Haníbal então percebeu mulher para além da farda. Olhos negros, lábios acentuados, candura no semblante.
- Eles vão nos encontrar se permanecermos aqui – disse ele, tomando-a pela mão.
- Hei, moço, para onde está me levando? – perguntou ela.
Haníbal não respondeu. Levou-a pela mão, atravessando o matagal até chegarem num casebre de paredes descascadas e janelas de madeira, trancadas. Adentraram, e lá dentro ela pôde ver uma bandeira da Ação Integralista Brasileira na parede, um colchão no chão, e pouco mais que isso entre as paredes.
Haníbal logo chegou de outro cômodo, trazendo uma grande bolsa na mão e uma mochila nas costas.
- Imagino que nunca atirou antes - disse ele, abrindo a bolsa e, dela, tirando uma metralhadora, a qual municiou.
- Aprendo o que tiver de aprender – respondeu ela.
- Ótimo – ele tomou um revólver, também da bolsa, carregou-o e entregou para a mulher - Vamos voltar à cidade, roubar um carro e invadir o porão. Salvaremos o que pudermos salvar.
- De acordo!
- Vamos!
Ele ia saindo pela porta, quando foi chamado a atenção.
- Hei! – ela apontou para a parede – vai deixar a bandeira aqui?
Haníbal suspirou, constrangido. Deixou a bolsa na porta, ao lado da mulher, e foi na direção da parede onde estava aberta a bandeira.
O barulho de um tiro estrondou, pela casa e pela mata.
Os miolos de Haníbal se espalharam em sangue sobre a flâmula, tão logo ele pôs nela as duas mãos para, reverentemente, retirá-la da parede. E, diante dos olhos da mulher, parada sob as ombreiras da porta de revólver em punho, o cano da arma fumegava.
Daquele jeito o Chefe de Polícia imaginou a última cena, narrada pelo assessor:
- A tal mulher adivinhou que Hanibal iria confiar nela, e ainda por cima, lhe dar uma arma? - perguntou ele.
- Não. Ela pediu três dias para ganhar a confiança dele, descobrir onde estavam as armas e, enfim, eliminá-lo.
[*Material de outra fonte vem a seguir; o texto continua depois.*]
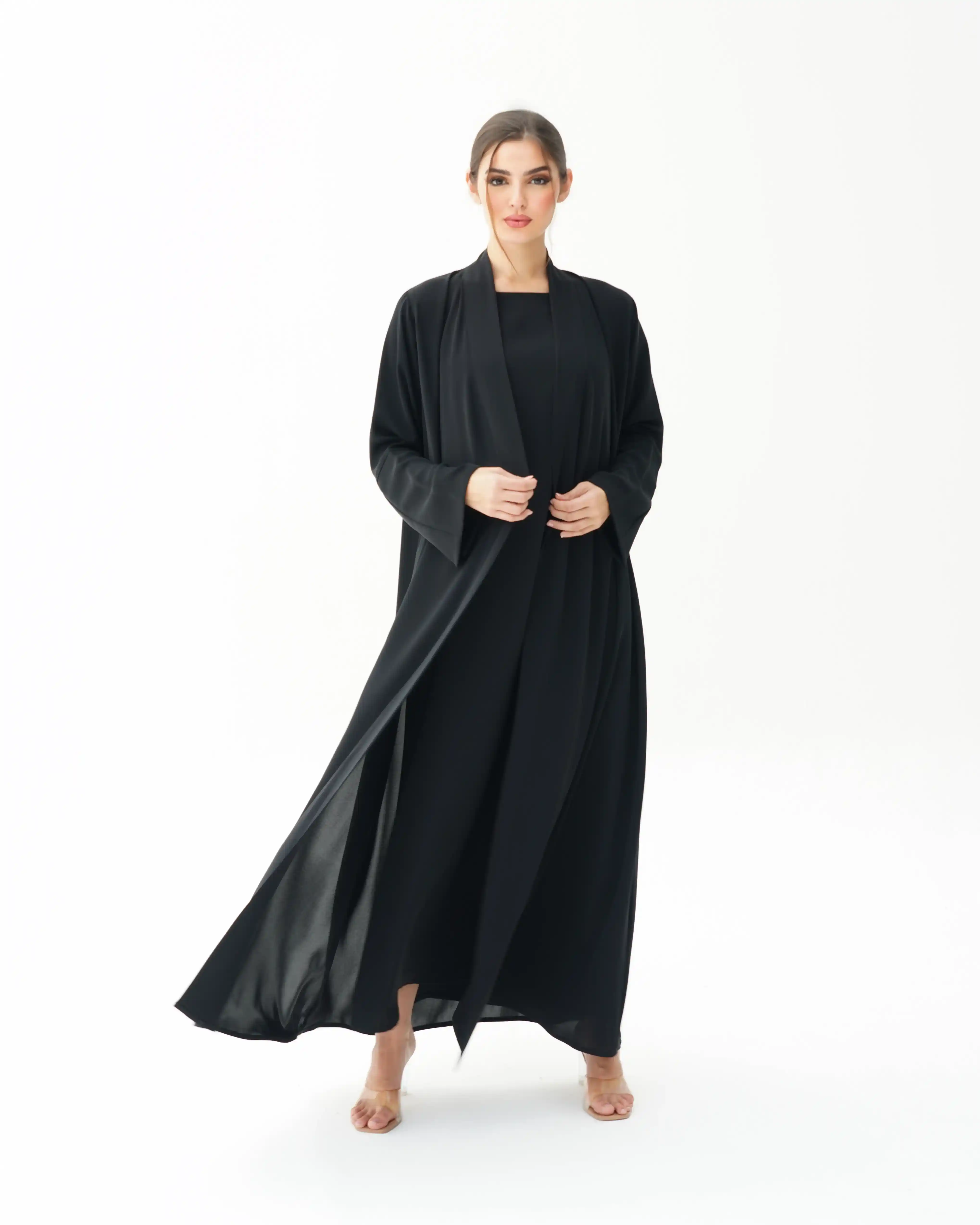• قطعة فستان داخلية منفصلة بمقاس اقصر من طول العباية واصغر بقليل عند الصدر.

Mas, a oportunidade faz o ladrão...
- Ótimo – o Chefe de Polícia fechou a capa do prontuário e colocou-o sobre a mesa, ao lado do documento que estava prestes a assinar – e por que se deu o trabalho de vir correndo aqui me reportar isto?
O assessor pegou de volta o prontuário.
- O senhor já assinou a Portaria 4.430? – perguntou ele.
- Você me interrompeu quando iria fazê-lo.
- Então... – foi a vez do assessor ajeitar os óculos no rosto. – ...arredonde o número de 199 para 200 agentes – sugeriu ele.